Employers who decide to waive legal privilege over documents that support their case risk inadvertently waiving privilege over other documents which may damage their case.

THE FACTS

Where a party to litigation waives privilege over some evidence, it will also be obliged to disclose other privileged evidence that forms part of the same "transaction". Parties cannot cherry pick the evidence on which they choose to waive privilege as this would risk giving only a partial picture to the court. In this case, the EAT considered whether an employer had cherry picked in the context of a discrimination claim.

Ms Kasongo was dismissed by her employer, Humanscale Ltd. She said that she had told Humanscale that she might be pregnant on 30 January 2018 and alleged that the dismissal, some two weeks later, had been on the grounds of her pregnancy and maternity. Humanscale said that it had had no idea that Ms Kasongo was pregnant and that her dismissal was entirely due to poor performance, work attitude, attendance and lateness issues.

Humanscale disclosed two documents which appeared to corroborate its case that dismissal on performance and conduct grounds was in hand before 30 January 2018, when Ms Kasongo claimed she had said that she was pregnant. These documents were:

  • Handwritten notes made by the senior HR manager of a telephone call that she had on 25 January 2018 with the company's external solicitors during which she asked for advice on the termination process.
  • An email sent by the senior HR manager that day to Humanscale's in-house legal counsel in New York summarising the legal advice and explaining that the company wanted to dismiss Ms Kasongo for "tardiness, attendance and quality of work."

Humanscale also disclosed a draft dismissal letter prepared by the company's lawyers six days later, in which comments by the lawyers were redacted. Ms Kasongo somehow managed to read the redacted words in the letter and, thinking that they supported her case, made an application to the tribunal to allow her to rely on them.

The tribunal held that the email to in-house counsel was not privileged. It did not consider whether the handwritten notes were privileged. It held that the redacted parts of the letter were protected by legal professional privilege and that it would have been obvious to Ms Kasongo that she was not intended to read them.
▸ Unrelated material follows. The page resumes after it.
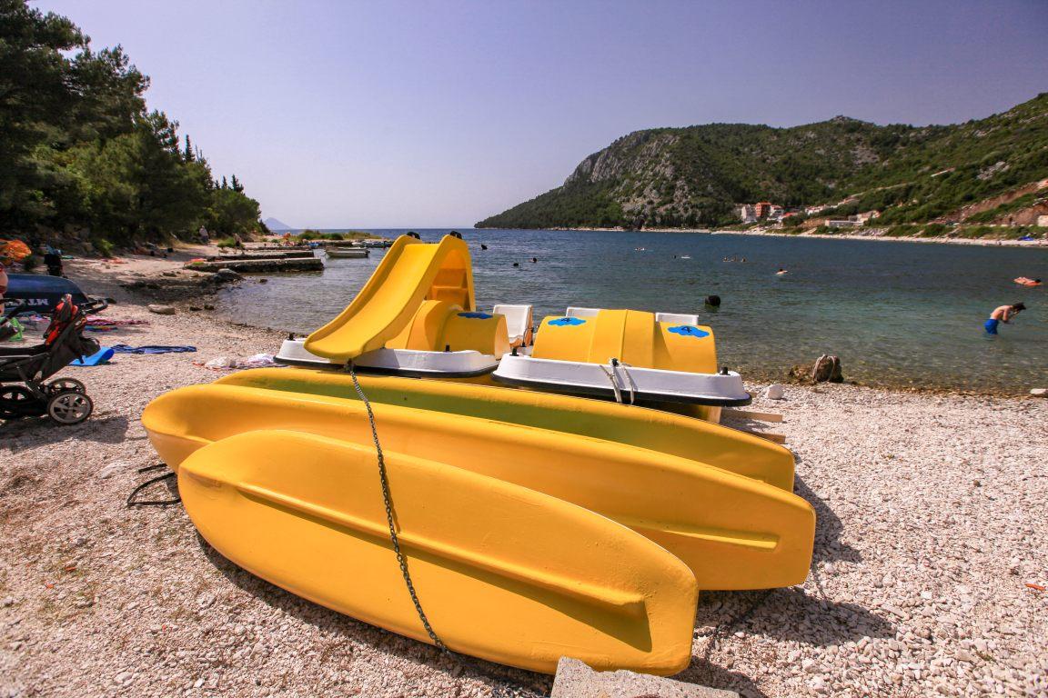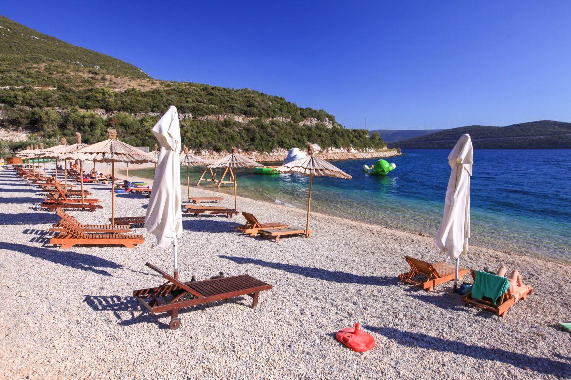 Typ pláže - skalnaté, opalovací molo, oblázkové

As the other documents were not considered to be privileged, the tribunal did not consider whether there was an issue with cherry picking. Accordingly, it held that Ms Kasongo could not rely on the redacted words.

Ms Kasongo appealed successfully to the EAT.
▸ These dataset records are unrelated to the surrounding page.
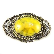 Vintage RETRO Brooch Large Art Deco Filigree Mustard Yellow Stone 1920S
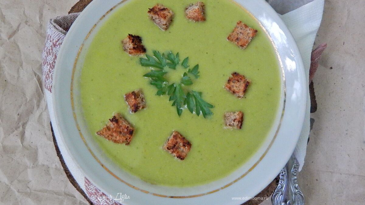 Хочу предложить вам очень вкусный и нежный крем-суп со свежим зеленым горошком (или замороженным). Суп можно готовить на мясном, овощном бульоне или просто на воде. Для сухариков хлеб подойдет как черный, так и белый.
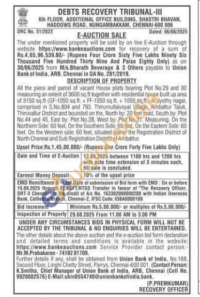All the piece and parcel of vacant House plots bearing Plot No.29 and 30 measuring an extent of 3600 sq.ft together with residential house built up area of 3150 sq.ft (GF-1050 sq.ft. + FF-1050 sq.ft. + 1050 sq.ft.) in Jyothy nagar, comprised in S.No.804 and 793. Thirumullaivoyal Village. Ambattur Taluk, Thiruvallur District and bounded on the, North by: 20 feet road, South by: Plot No.44 and 45, East by: Plot No.28, West by: Plot No.31. Measuring. On the Northern Side: 60 feet, On the Southern Side: 60 feet, On the Eastern Side: 60 feet. On the Western side: 60 feet, situated within the Registration District of North Chennai and Sub Registration District of Ambattur.
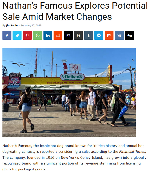 Rumours of the sale of Nathan’s first appeared in the Financial Times in February, but we prefer Swineweb’s coverage. What provides the real meat to the story is a part not covered; it is the actions the Chairman and key owner has been taking with his other business interests (See Why Now?) - https://www.swineweb.com/latest-swine-news/nathans-famous-explores-potential-sale-amid-market-changes/
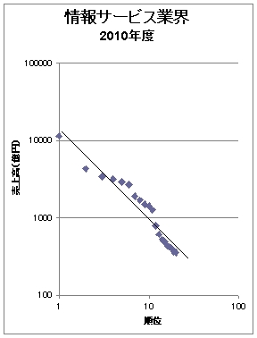 ここで、IT業界の企業ランキングを調べてみる。2009年度の情報サービス業のランキングで上位20傑を選び出して、横軸に順位を、縦軸に売上高をプロットしてみたんだ。ちょっとそこの書類鞄あけてみてくれる? うん、その一番上にあるやつ・・つまり、こういうものだ。

The EAT agreed that the note of the telephone call and the email were both privileged. In deliberately disclosing these documents, Humanscale had waived privilege. The question was therefore whether Humanscale could maintain privilege in respect of the redacted parts of the letter. The EAT considered that the three documents – the note of the call, the email and the draft letter – were all part of the same transaction, which was the giving of legal advice about Ms Kasongo's dismissal. The unredacted draft letter should therefore be included in the employment tribunal hearing bundle.

WHAT DOES THIS MEAN FOR EMPLOYERS?

This is a reminder that employers must be cautious in deciding whether to waive privilege on any evidence that they believe supports their claim. They should consider carefully whether there is a risk that, in doing so, they are also waiving privilege on any other evidence in the same transaction that might be damaging. Unfortunately, the EAT did not give any guidance over how to assess whether documents were part of the same transaction, but in this case a gap of six days was not enough to create different transactions.